• [MATERIAL PROVIDED]:
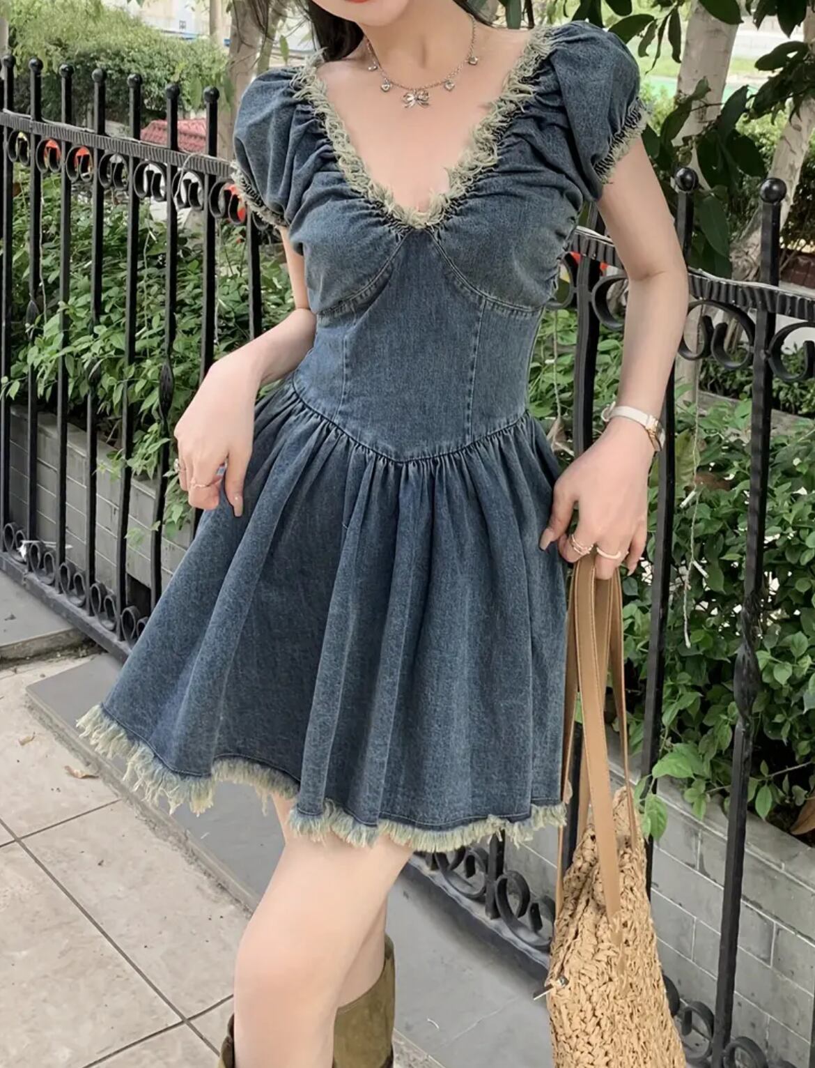 デニムワンピース レディース ワンピース 半袖 Vネック パフスリーブ ミニワンピース Aラインワンピース 細見え 脚長効果 韓国女子 春 夏 デート お出掛け 海 旅行 | Syanamii - 3点購入+フリーギフト1点
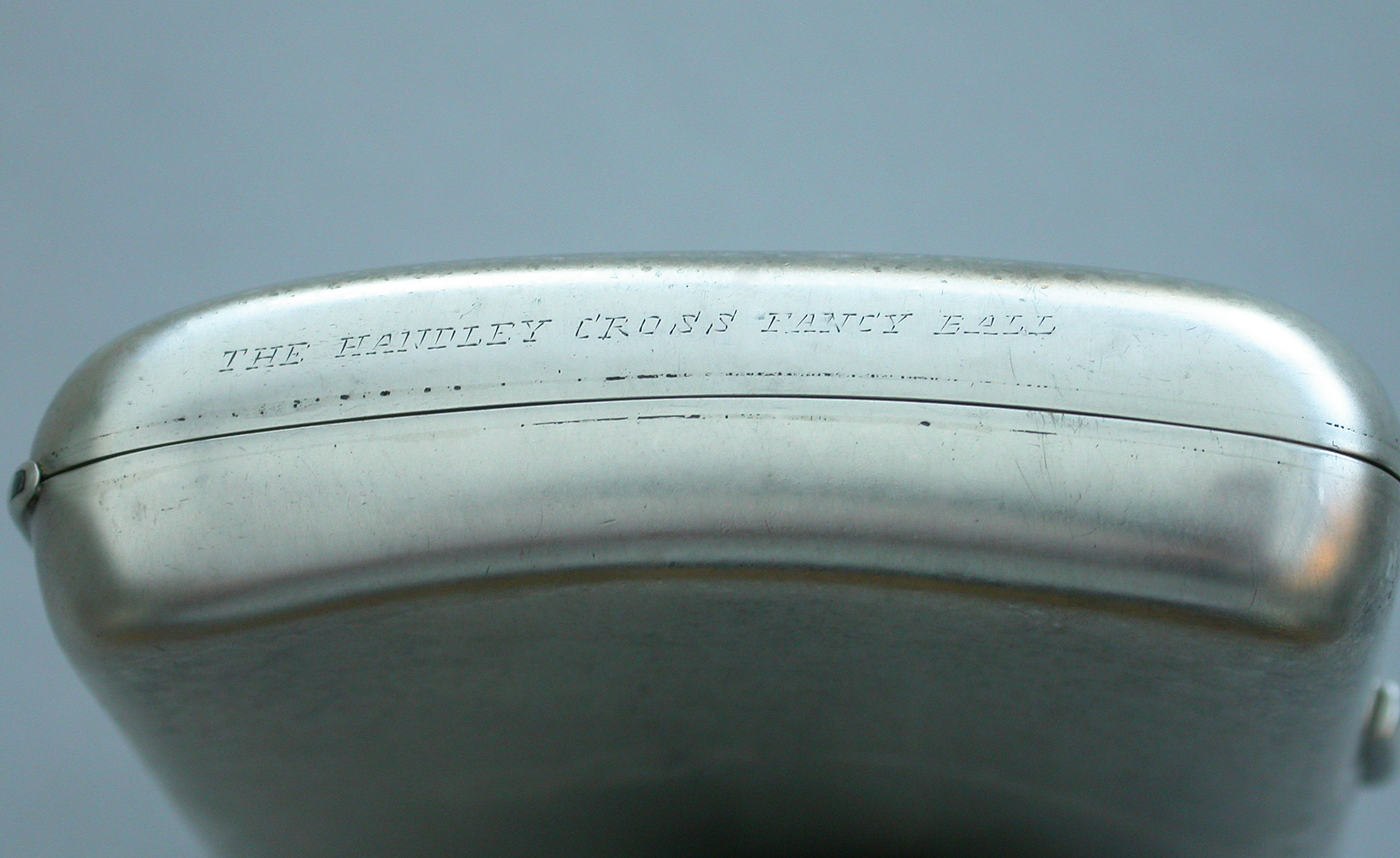 An extremely rare Victorian silver and enamel Cigarette Case of curved rounded rectangular form with push-button sprung opening mechanism. The cover enamelled with a depiction of Mr Jorrock's at the Handley Cross fancy ball (after the original John Leech illustration for Robert Surtees book - ""Handley Cross, or Mr Jorrock's Hunt""). The silver gilt interior with two sprung hinged retaining arms. The end of the case engraved - The Handley Cross Fancy Ball.
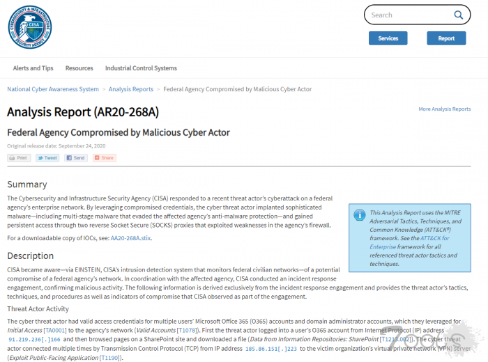 CISA发布了有关该漏洞的技术细节,但未提供有关窃取了哪些数据或该黑客是否由一个另一个国家实施的信息。美国政府有时会公开此类“技术指标”,以便公司或其他政府可以检查自己的系统是否受到攻击。

• [WORK REQUEST]:
Reproduce word for word the lines running from the line with "An extremely rare" through the end of the data, both included, and nothing else; leave out the pictures.

• [SOLUTION TO THE PROBLEM]:
 An extremely rare Victorian silver and enamel Cigarette Case of curved rounded rectangular form with push-button sprung opening mechanism. The cover enamelled with a depiction of Mr Jorrock's at the Handley Cross fancy ball (after the original John Leech illustration for Robert Surtees book - ""Handley Cross, or Mr Jorrock's Hunt""). The silver gilt interior with two sprung hinged retaining arms. The end of the case engraved - The Handley Cross Fancy Ball.
 CISA发布了有关该漏洞的技术细节,但未提供有关窃取了哪些数据或该黑客是否由一个另一个国家实施的信息。美国政府有时会公开此类“技术指标”,以便公司或其他政府可以检查自己的系统是否受到攻击。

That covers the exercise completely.